Your goal: If pictures appear among the lines below, leave them out while you return exactly the lines from the one with "全市场所有行业板块中主力多头" through the one with "Medelhavsmuseet, Cyperns president".

Records:
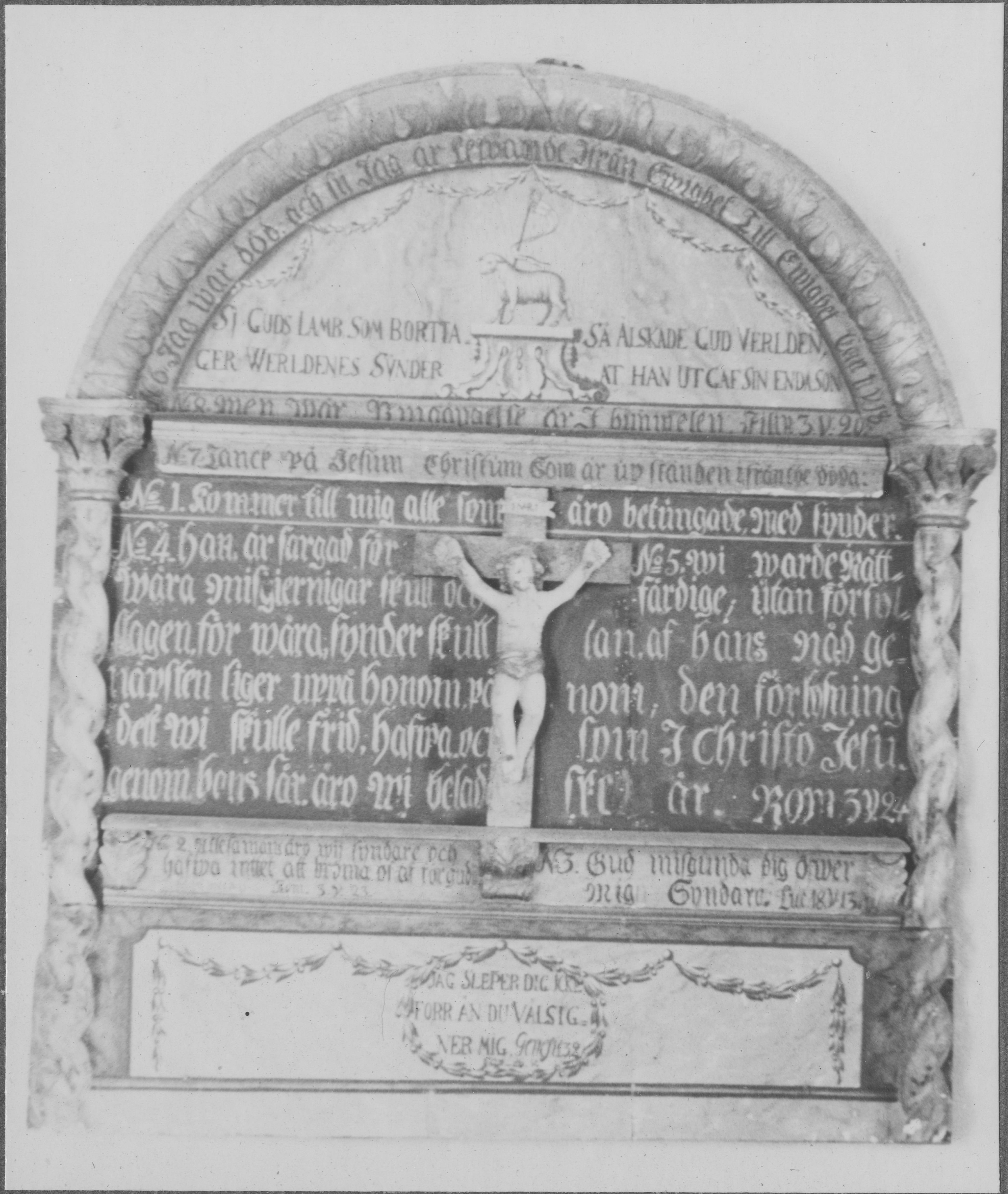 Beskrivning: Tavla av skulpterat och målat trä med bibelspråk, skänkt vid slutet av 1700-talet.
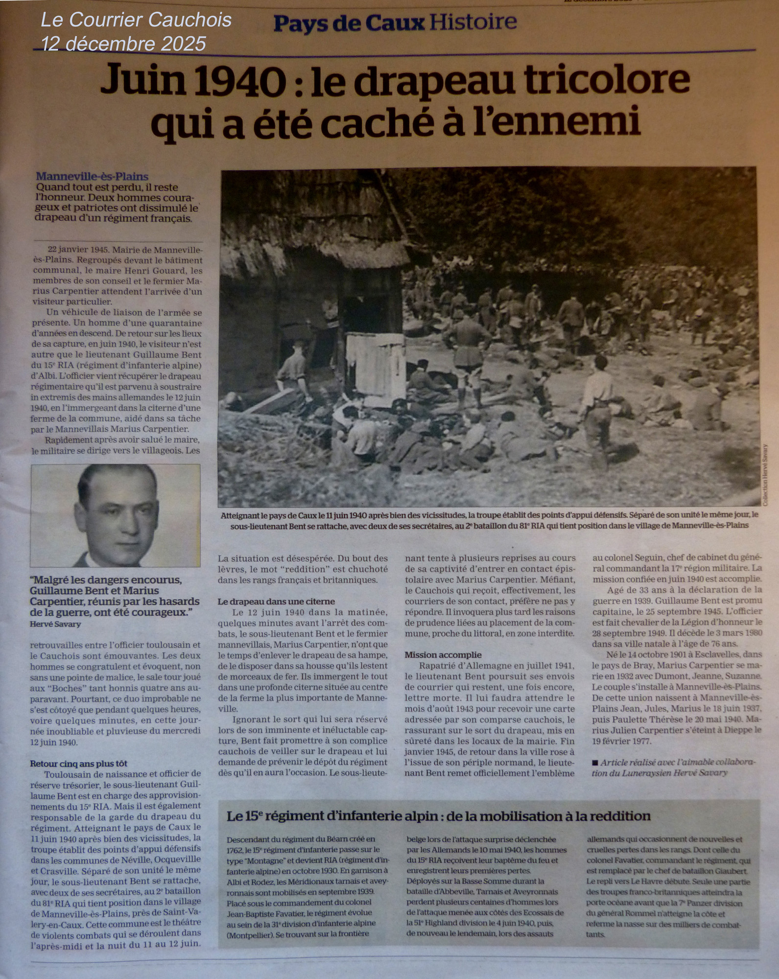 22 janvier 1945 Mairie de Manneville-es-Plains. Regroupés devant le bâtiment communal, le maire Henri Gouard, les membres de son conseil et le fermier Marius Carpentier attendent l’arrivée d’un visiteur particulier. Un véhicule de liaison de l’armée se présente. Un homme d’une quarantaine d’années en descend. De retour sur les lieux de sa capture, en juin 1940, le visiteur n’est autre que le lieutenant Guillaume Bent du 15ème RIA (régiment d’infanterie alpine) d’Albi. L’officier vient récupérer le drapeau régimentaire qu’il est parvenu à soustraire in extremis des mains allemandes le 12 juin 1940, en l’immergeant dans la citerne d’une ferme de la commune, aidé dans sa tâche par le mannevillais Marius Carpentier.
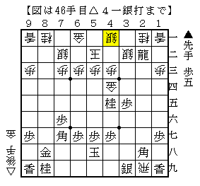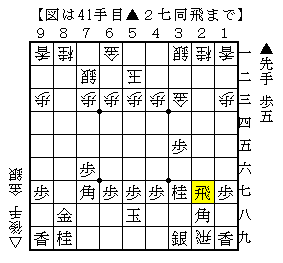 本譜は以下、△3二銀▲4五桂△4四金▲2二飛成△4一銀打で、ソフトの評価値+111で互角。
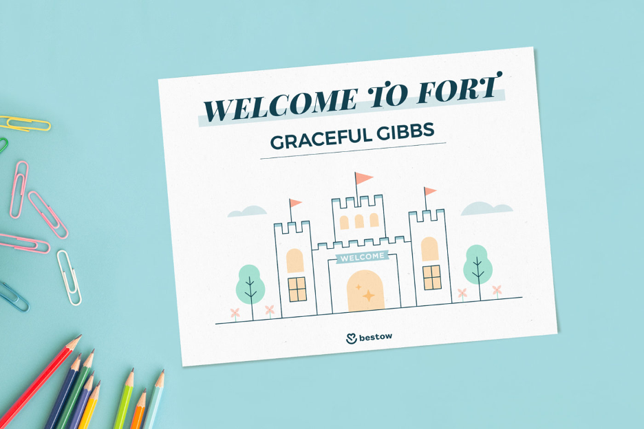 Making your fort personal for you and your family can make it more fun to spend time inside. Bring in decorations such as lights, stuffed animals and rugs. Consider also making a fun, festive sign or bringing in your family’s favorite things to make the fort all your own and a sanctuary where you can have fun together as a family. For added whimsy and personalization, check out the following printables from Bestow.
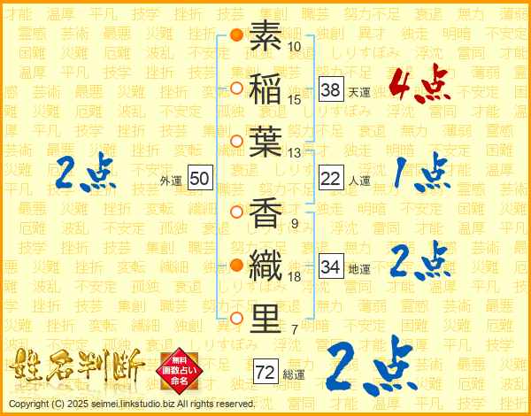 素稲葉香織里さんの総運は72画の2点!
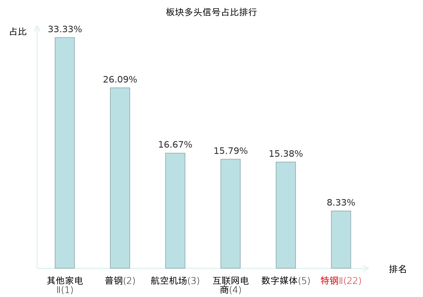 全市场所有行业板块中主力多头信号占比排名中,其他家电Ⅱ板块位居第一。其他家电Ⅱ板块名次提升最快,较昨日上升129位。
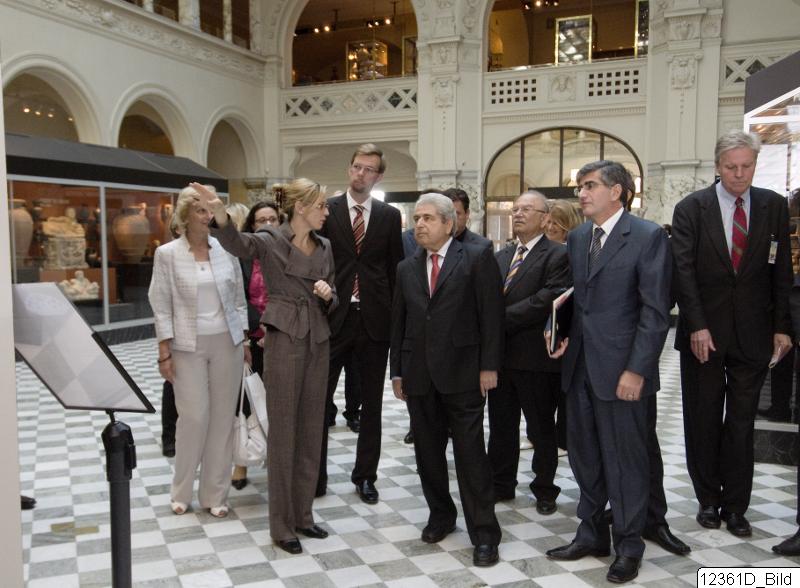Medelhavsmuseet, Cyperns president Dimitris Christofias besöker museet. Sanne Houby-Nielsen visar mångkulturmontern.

==

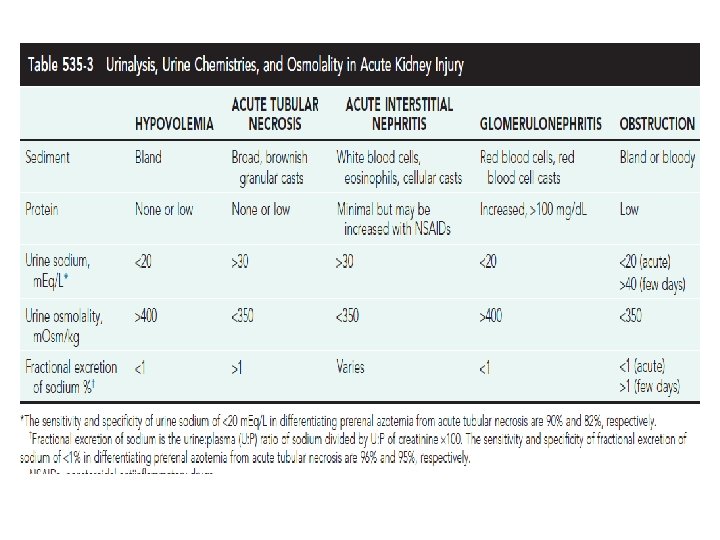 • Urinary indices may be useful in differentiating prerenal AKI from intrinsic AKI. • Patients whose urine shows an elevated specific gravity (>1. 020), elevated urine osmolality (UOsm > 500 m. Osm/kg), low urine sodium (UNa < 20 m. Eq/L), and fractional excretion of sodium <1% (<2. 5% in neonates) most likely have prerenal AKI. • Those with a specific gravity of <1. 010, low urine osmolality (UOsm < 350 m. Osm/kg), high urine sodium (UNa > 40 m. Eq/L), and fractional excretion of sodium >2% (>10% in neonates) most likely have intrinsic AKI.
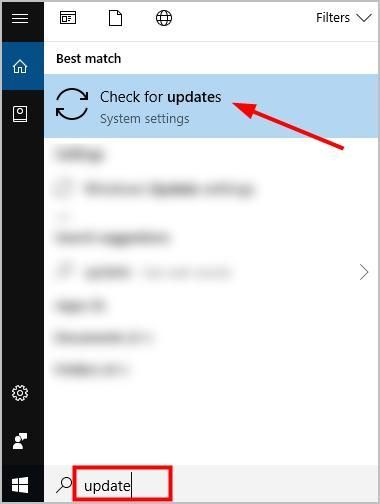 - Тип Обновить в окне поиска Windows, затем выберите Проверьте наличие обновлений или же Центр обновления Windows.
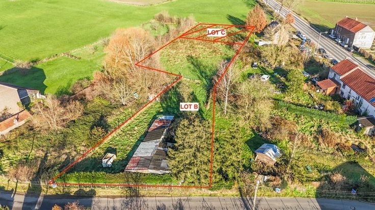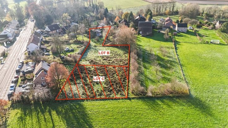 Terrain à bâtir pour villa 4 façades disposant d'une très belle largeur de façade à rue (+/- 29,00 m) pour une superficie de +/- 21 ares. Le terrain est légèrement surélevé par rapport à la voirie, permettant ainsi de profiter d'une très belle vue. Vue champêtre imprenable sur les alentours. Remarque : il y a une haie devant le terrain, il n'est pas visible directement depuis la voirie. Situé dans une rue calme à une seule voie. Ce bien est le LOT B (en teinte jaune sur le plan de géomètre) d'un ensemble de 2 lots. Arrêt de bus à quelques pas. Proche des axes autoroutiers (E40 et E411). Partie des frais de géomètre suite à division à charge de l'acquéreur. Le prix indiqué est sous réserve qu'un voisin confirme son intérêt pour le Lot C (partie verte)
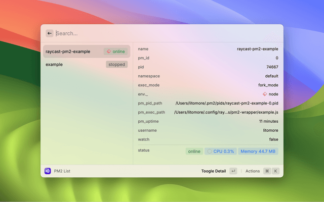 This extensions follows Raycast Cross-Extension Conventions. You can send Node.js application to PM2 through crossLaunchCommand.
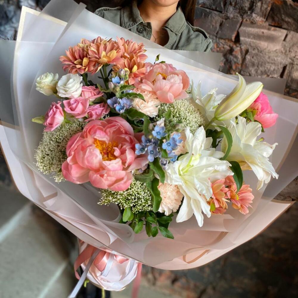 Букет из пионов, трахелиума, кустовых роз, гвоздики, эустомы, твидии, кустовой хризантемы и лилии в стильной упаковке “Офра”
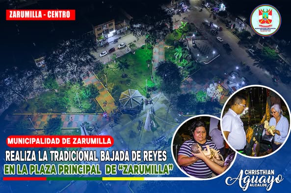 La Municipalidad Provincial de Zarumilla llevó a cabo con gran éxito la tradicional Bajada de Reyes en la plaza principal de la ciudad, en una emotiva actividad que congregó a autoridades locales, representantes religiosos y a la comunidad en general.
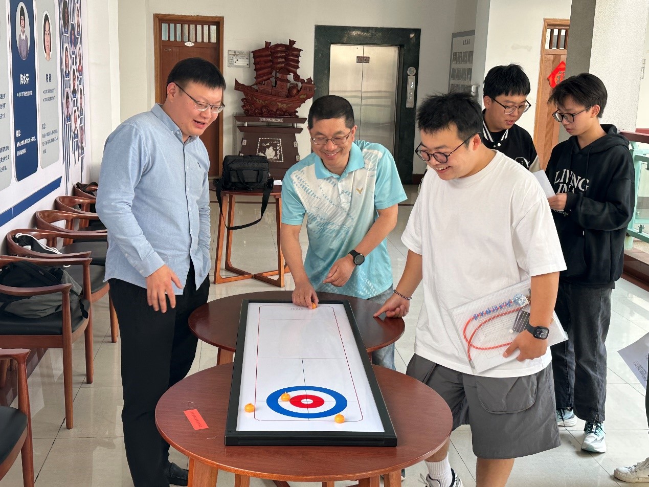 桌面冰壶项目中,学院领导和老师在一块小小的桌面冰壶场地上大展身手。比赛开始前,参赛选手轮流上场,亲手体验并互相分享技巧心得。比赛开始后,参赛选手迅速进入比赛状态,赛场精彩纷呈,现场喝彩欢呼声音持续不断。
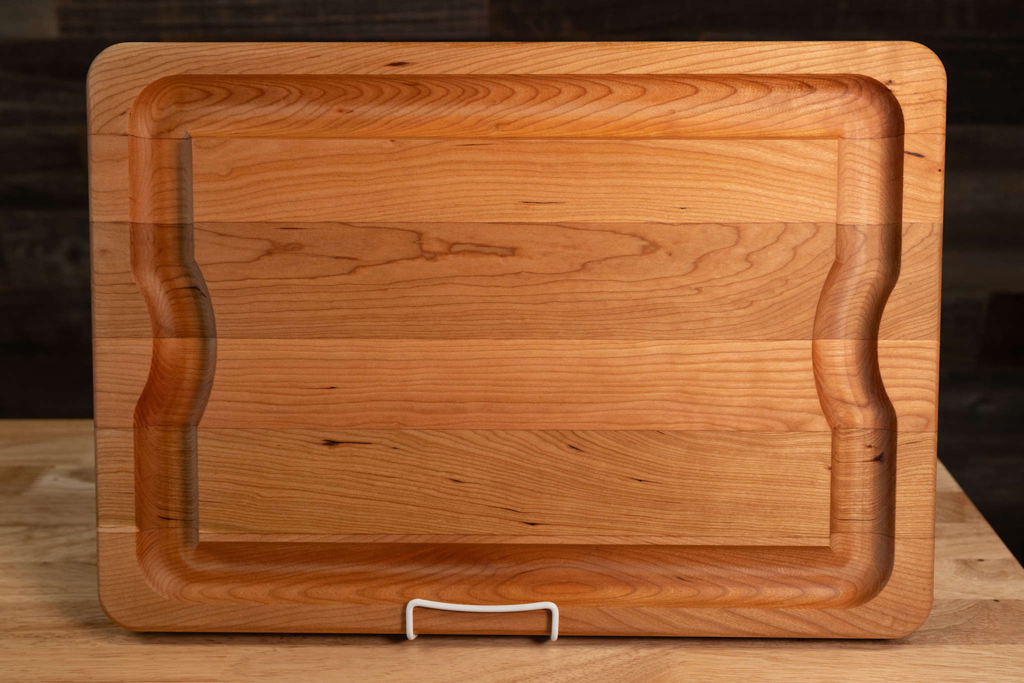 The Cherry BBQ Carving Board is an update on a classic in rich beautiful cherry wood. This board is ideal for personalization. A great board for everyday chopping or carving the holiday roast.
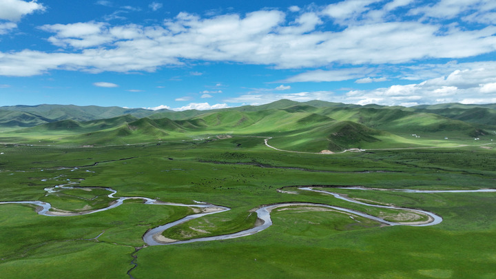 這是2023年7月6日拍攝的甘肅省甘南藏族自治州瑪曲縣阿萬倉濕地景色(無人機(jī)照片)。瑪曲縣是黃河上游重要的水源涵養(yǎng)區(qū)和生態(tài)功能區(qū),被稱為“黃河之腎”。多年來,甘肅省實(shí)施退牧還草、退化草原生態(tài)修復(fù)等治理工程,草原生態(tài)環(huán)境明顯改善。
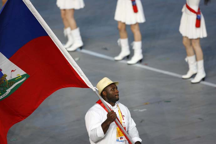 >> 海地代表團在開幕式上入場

Task solution:
 全市场所有行业板块中主力多头信号占比排名中,其他家电Ⅱ板块位居第一。其他家电Ⅱ板块名次提升最快,较昨日上升129位。
Medelhavsmuseet, Cyperns president Dimitris Christofias besöker museet. Sanne Houby-Nielsen visar mångkulturmontern.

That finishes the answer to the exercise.